No hubo ni un disturbio, ni un choque con la policía, ni un herido, ni un muerto. Tampoco discursos altisonantes. El verdadero discurso fue el elocuente mensaje de cultura ciudadana lanzado a todos los vientos. Ha sido un acto multitudinario que rompe los moldes anteriores y que guarda similitud con la aplastante marcha del silencio organizada por Gaitán en la plaza de Bolívar de Bogotá, en  protesta contra la ola de violencia desatada en el gobierno de Ospina Pérez.

Esta clara advertencia liderada por el organizado pueblo indígena del Cauca lleva a reflexionar sobre lo que sería el crecimiento de la inconformidad  manejada con la fuerza de los indígenas de Bolivia, Ecuador o Perú, quienes en ocasiones ponen a tambalear a los gobiernos.

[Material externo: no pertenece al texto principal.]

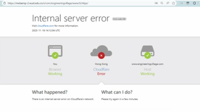 说明您当前下载次数过于频繁,或者当前服务器繁忙,需要等待片刻再进行访问。 【ScienceDirect技术反馈】 当系统检测到可疑活动时,会暂时阻止对 ScienceDirect 的访问。一些可能看起来可疑的活动包括: 来自特定位置或 IP 地址的过度使用活动。 猜测密码次数过多。 一小时后,您应可以再次登录并恢复之前的活动。如果您的访问权限在一小时后仍未恢复,请联系您所在机构或公司的图书馆员或数字访问管理员。 ❗ 若多次刷新或等待尝试无效,请联系图书馆技术部: 答疑QQ群:345514337(推荐) 电话咨询:68862012(工作日9:00-17:00) Q2:登录提示用户名/账号密码错误/忘记密码? 图书馆的用户名和密码与学工号保持一致,读者账号即为学校统一身份认证平台的账号和密码。 忘记密码:通过学校统一认证平台【找回密码】功能重置。 ❗ 仍无法解决:联系网络信息中心 ☎ 电话:68862223 | 邮箱:support@wust.edu.cn Q3:其他问题? 可以根据下面的故障排查流程进行自检。如果发现无法解决您的问题,可以尝试加入科大图书馆技术平台答疑群:345514337,在群里进行提问。 4、故障排查流程 请根据以下流程自助排查: a)无法登录认证页面:
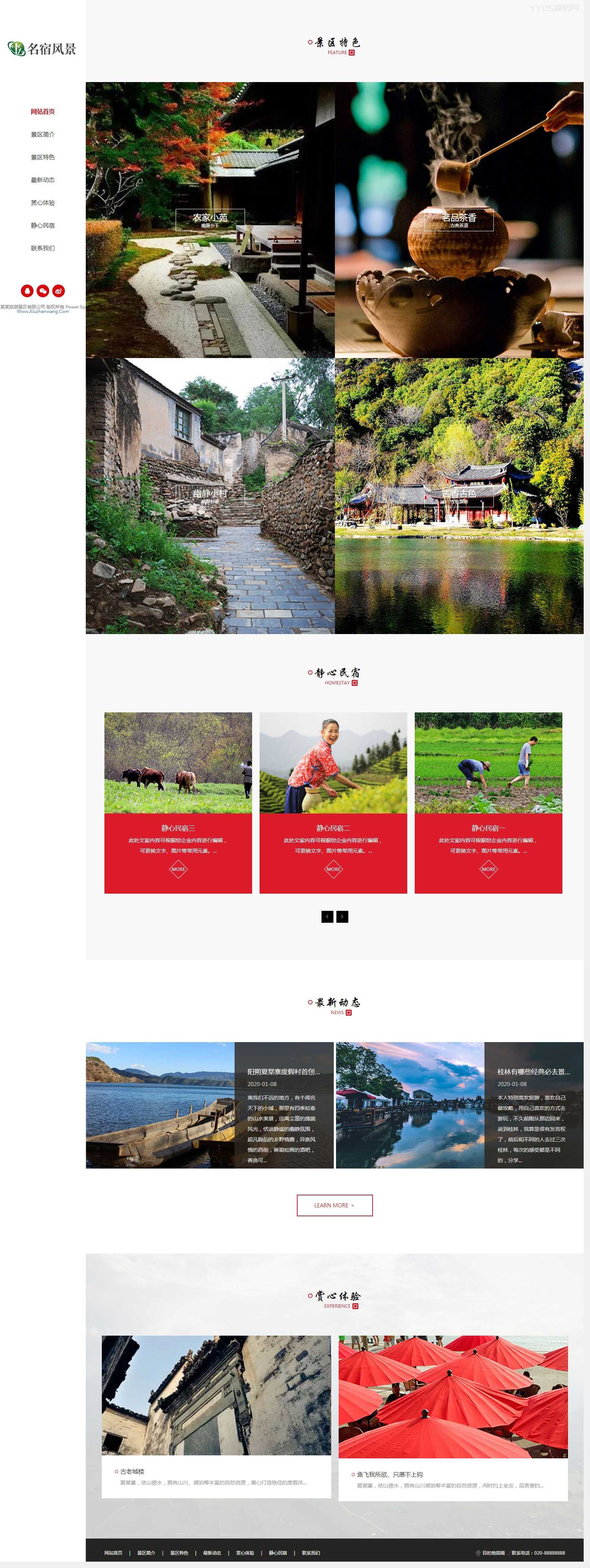 3、适用于民宿景区网站模板、旅游景点网站源码;

Entre nosotros ha brotado, con esta ejemplar manifestación pacífica, un inquietante grito de protesta surgido de una población golpeada por la indiferencia social a lo largo de los siglos.

Protesta que ojalá no caiga en saco roto. El colombiano olvida que lleva sangre india. Una vez dijo Gabriela Mistral, la mamá grande de los humildes de América: “Por el ímpetu de la herencia y por una lealtad elemental, mi defensa del indígena americano durará lo que dure mi vida”.

El Espectador, Bogotá, 30 de septiembre de 2004.